Task brief
Start with the line that holds "步骤二:在左侧列表中展开到如". Please copy it and each remaining line below exactly, leaving pictures out.

======== Data shown

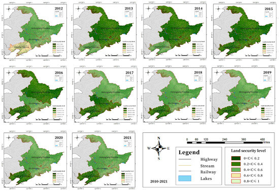 A graphic representation of the location of ecological land security levels in the three northeastern states from 2012 to 2022 was created by digital vectorization using ArcGIS 10.8 software (Figure 6 and Figure 7). The three provinces located in the northeast are included in the map, which shows the study region. The ecological land security level is shown by the color shade. The figure shows that the ecological land security level of Heilongjiang and Jilin Provinces is higher than that of Liaoning, which has the lowest relative ecological land security level. The legend defines the criteria for dividing the relative proximity value of ecological land security in each province and divides the quality of ecological land security in each province into five levels. From 2012 to 2021, in the three provinces, there was a decline in the standard of natural resource security, which then gradually rose and improved.
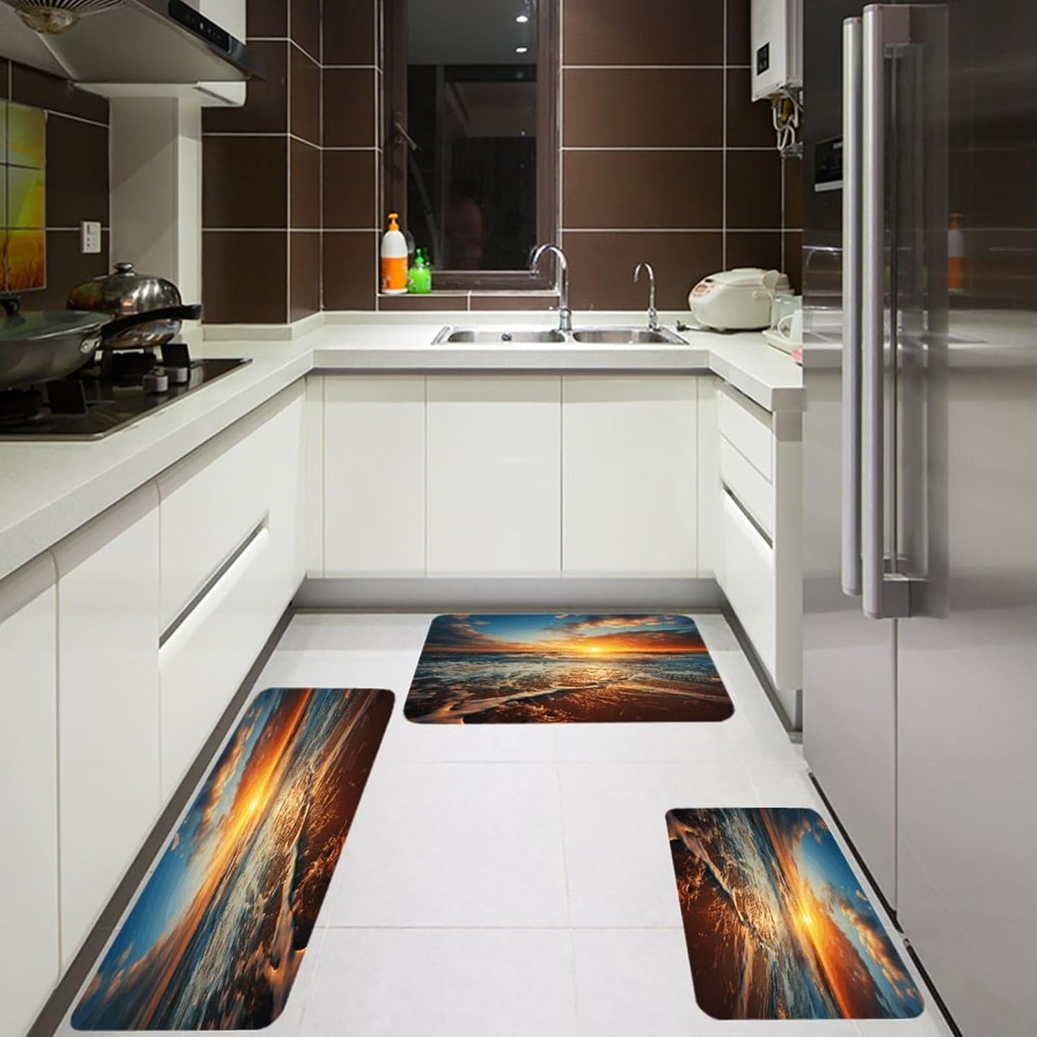 Introduce a new level of ease and visual harmony to your culinary space with this essential three-piece Ocean Sunrise kitchen mat set.Designed specifically for use areas,these cushioned kitchen rugs provide a welcome layer of support right where you need it most–in front of the sink,stove,or prep counter.the fabric offers a plush,dense texture underfoot,making standing tasks noticeably more comfortable.The set functions perfectly as versatile kitchen area rug solutions,fitting seamlessly into your existing layout.The core of these anti fatigue Ocean Sunrise kitchen rug sets lies in the selected velvet material.This fabric choice delivers both the sought-after softness and a practical thickness that gently cushions your feet,helping to alleviate the tiredness that comes with long cooking sessions.Beyond comfort,maintenance is refreshingly simple;they are washable kitchen mats designed to maintain their appearance through regular cleaning.Extend the utility and aesthetic charm beyond just the kitchen.The soft Ocean Sunrise kitchen runner rugs design and quality construction make them adaptable companions for other areas like the bathroom vanity or even outdoor patio setups where a comfortable floor mat is desired.Arrange the three pieces to create a cohesive runner effect or use them individually as targeted floor mats where support is needed.This set effectively combines practical comfort,effortless care with its washable nature,and an attractive upgrade to your floor space,making it a smart addition to any home.
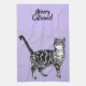 Linge De Cuisine Tabby Cat Merry Christmas Purple Lavender Pastel
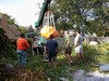 funny lifting pic with neighbors on all sides which lawn chairs watching the show.....very fun day
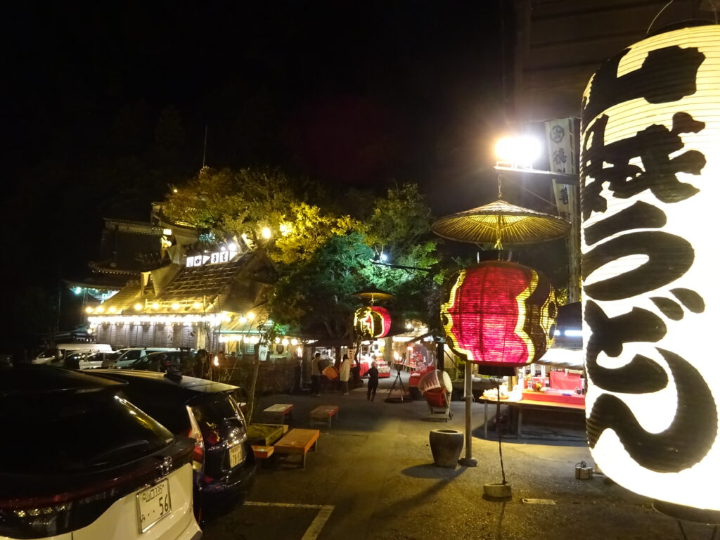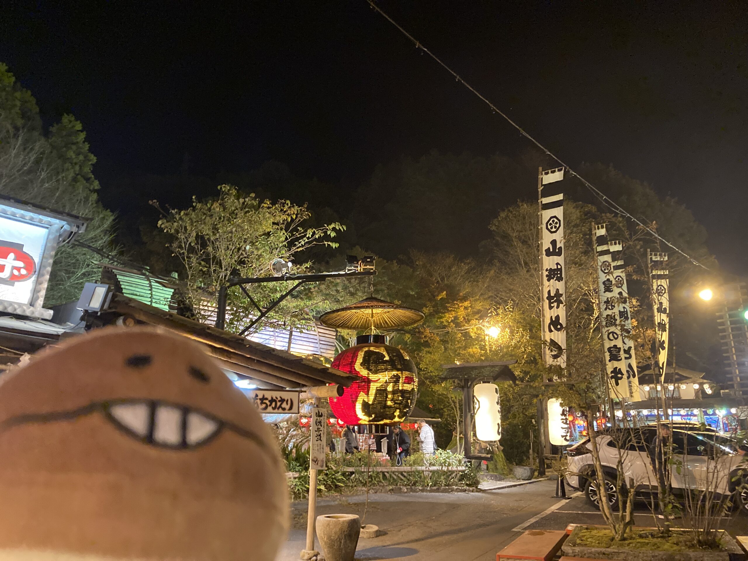 徳山から岩国方面の国道2号線は山ルートで夜は真っ暗、若干不安に思いつつ山賊の案内看板に従って進んでいくと突然開けた場所に煌々と灯りをたたえる山賊が出現!想像していたお店の規模感を遥かに超え、あたり一面、屋敷や城みたいなのが出現してまるで小さな村のよう。雰囲気で言うと台湾の九份のような「千と千尋の神隠し」的な不夜城感です。
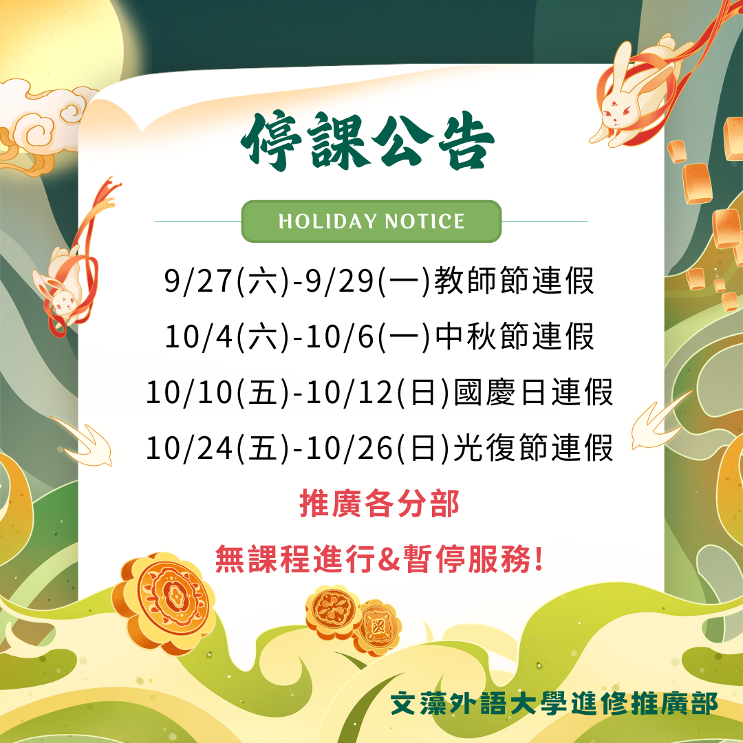 【進修推廣部】9/27-9/29教師節連假、10/4-10/6中秋節連假、10/10-10/12國慶日連假、10/24-10/26光復節連假,推廣各分部辦公室暫停服務! Notice of Class Suspension
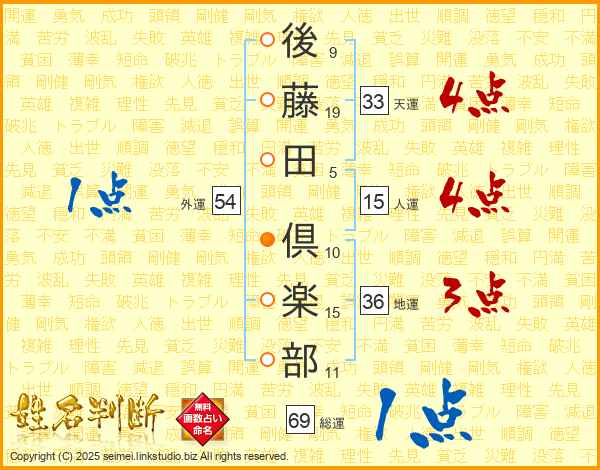後藤田倶楽部さんの天運は33画の4点!
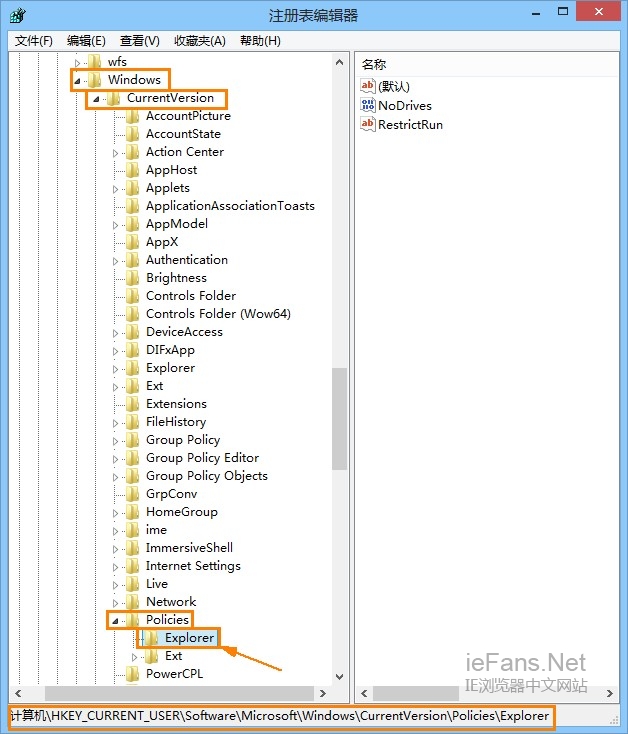 步骤二:在左侧列表中展开到如下路径:HKEY_CURRENT_USERSoftwareMicrosoftWindowsCurrentVersionPoliciesExplorer
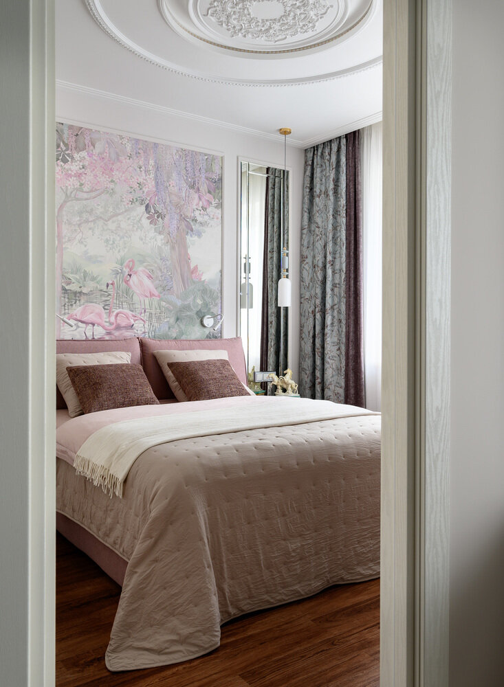 В спальне цветовая палитра декора и текстиля в более спокойном, приглушенном исполнении с доминированием растяжки розового оттенка.
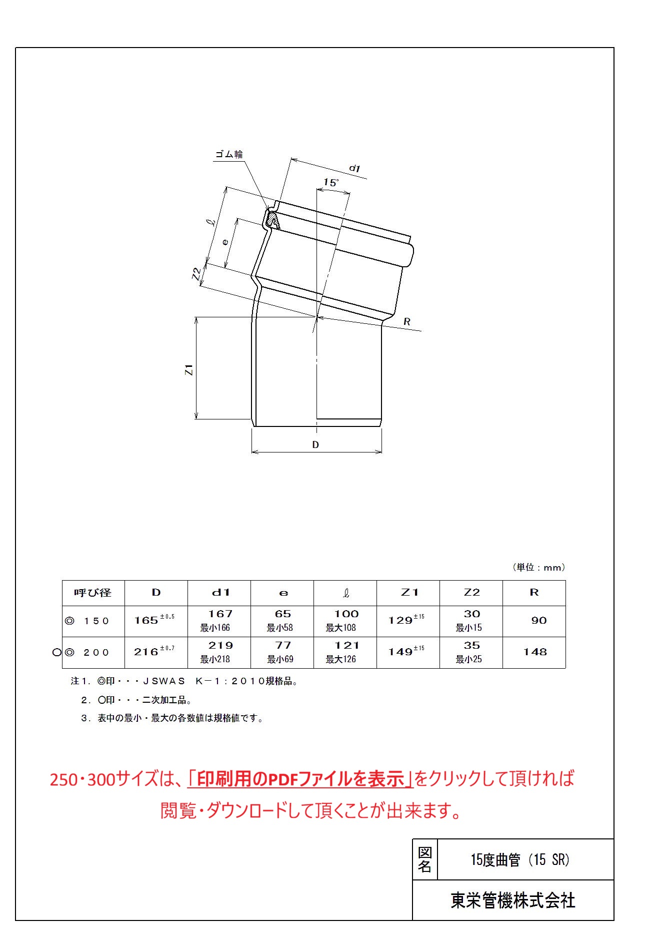 下水道用(曲管) 15度曲管

================

Response area
 步骤二:在左侧列表中展开到如下路径:HKEY_CURRENT_USERSoftwareMicrosoftWindowsCurrentVersionPoliciesExplorer
 В спальне цветовая палитра декора и текстиля в более спокойном, приглушенном исполнении с доминированием растяжки розового оттенка.
 下水道用(曲管) 15度曲管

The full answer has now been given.